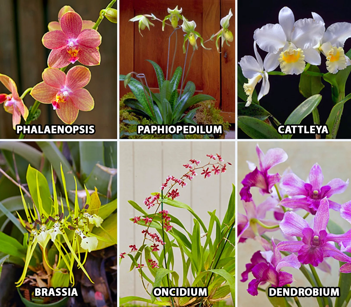 - Oncidium: Dancing-lady orchids, need good airflow and light.
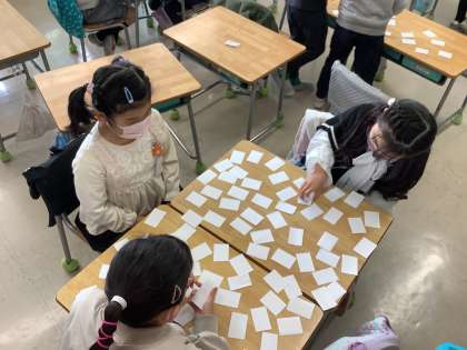習った漢字を使ってカードあそびをしました 公開日 2022/03/15 更新日 2022/03/15 2年 漢字二つを合体させて、習った漢字ができるようにカードを作りました。授業後半にはカードをつかって神経衰弱をし、辺やつくりに注目しながら漢字について考えました。「これは漢字になるかな?」「組合せができた!」と、楽しみながら漢字の学習をしました。 いいね(0)
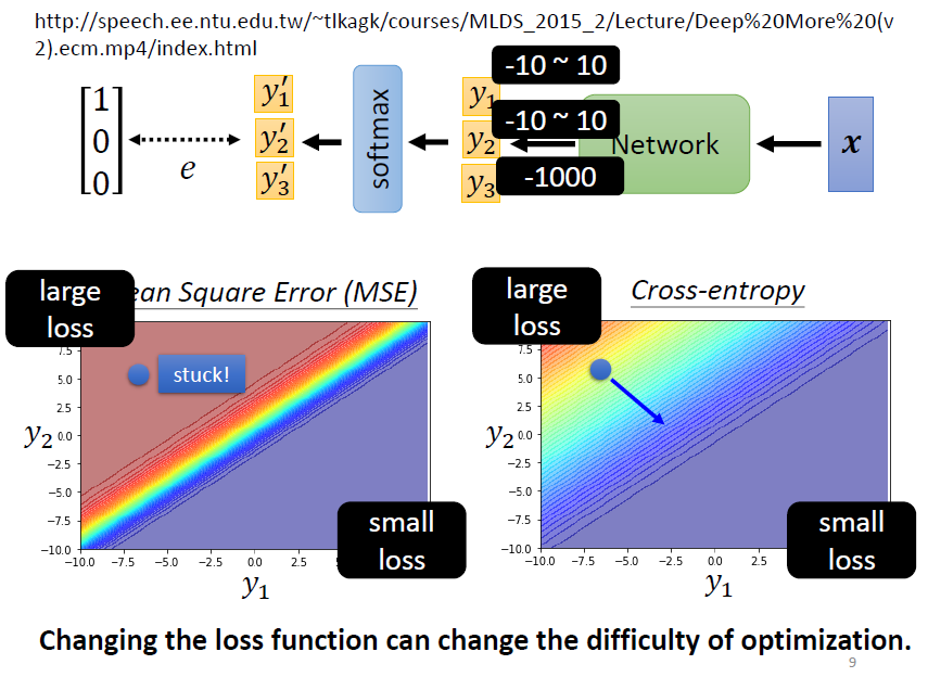 從優化角度出發進行討論,使用 MSE 時,左上角的位置雖然 Loss 很大,但梯度平坦,難以優化;而 Cross-entropy 則更容易收斂 ⇒ 改變 Loss function,也會影響訓練的過程
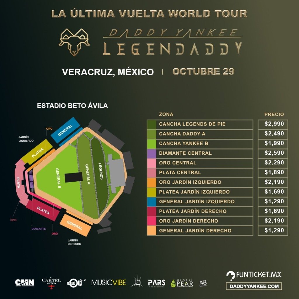 Recordemos que Daddy Yankee, Ícono de la música mundial conocido como el «Rey del Reggaeton», llegará a Veracruz el 29 de octubre con su «La Última Vuelta World Tour» en el estadio de beisbol Beto Ávila.
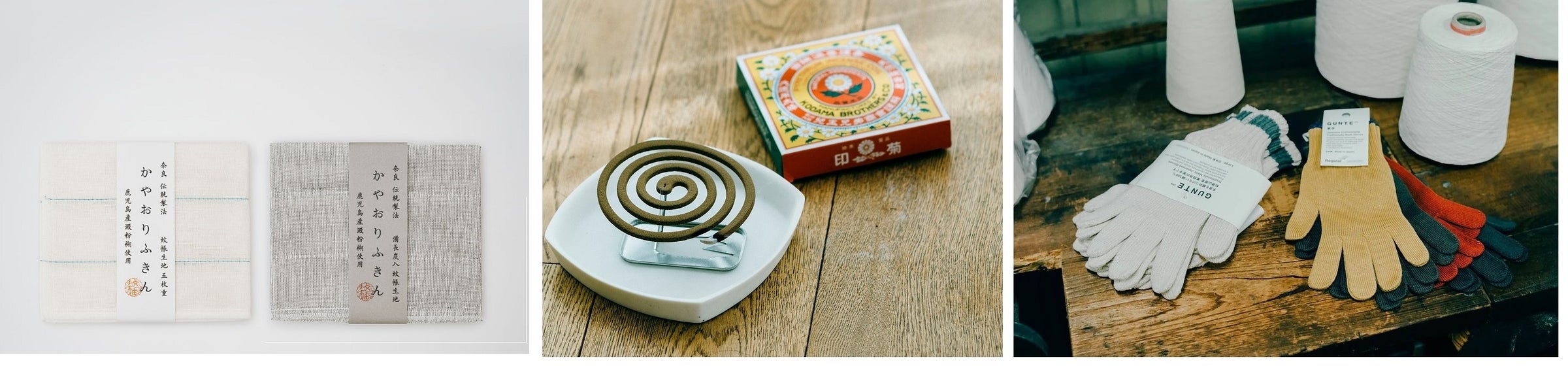 右上:「除虫菊」という菊を主成分に天然由来の原料のみで、昔ながらの製法でつくった和歌山「児玉兄弟商会」の虫除け線香

══════

> **EXERCISE BRIEF**:
Only the lines from the one holding "習った漢字を使ってカードあそびをしました 公開日 2022/03/15" through the end of the records belong in the answer, copied exactly and without pictures.

> **SOLUTION**:
習った漢字を使ってカードあそびをしました 公開日 2022/03/15 更新日 2022/03/15 2年 漢字二つを合体させて、習った漢字ができるようにカードを作りました。授業後半にはカードをつかって神経衰弱をし、辺やつくりに注目しながら漢字について考えました。「これは漢字になるかな?」「組合せができた!」と、楽しみながら漢字の学習をしました。 いいね(0)
 從優化角度出發進行討論,使用 MSE 時,左上角的位置雖然 Loss 很大,但梯度平坦,難以優化;而 Cross-entropy 則更容易收斂 ⇒ 改變 Loss function,也會影響訓練的過程
 Recordemos que Daddy Yankee, Ícono de la música mundial conocido como el «Rey del Reggaeton», llegará a Veracruz el 29 de octubre con su «La Última Vuelta World Tour» en el estadio de beisbol Beto Ávila.
 右上:「除虫菊」という菊を主成分に天然由来の原料のみで、昔ながらの製法でつくった和歌山「児玉兄弟商会」の虫除け線香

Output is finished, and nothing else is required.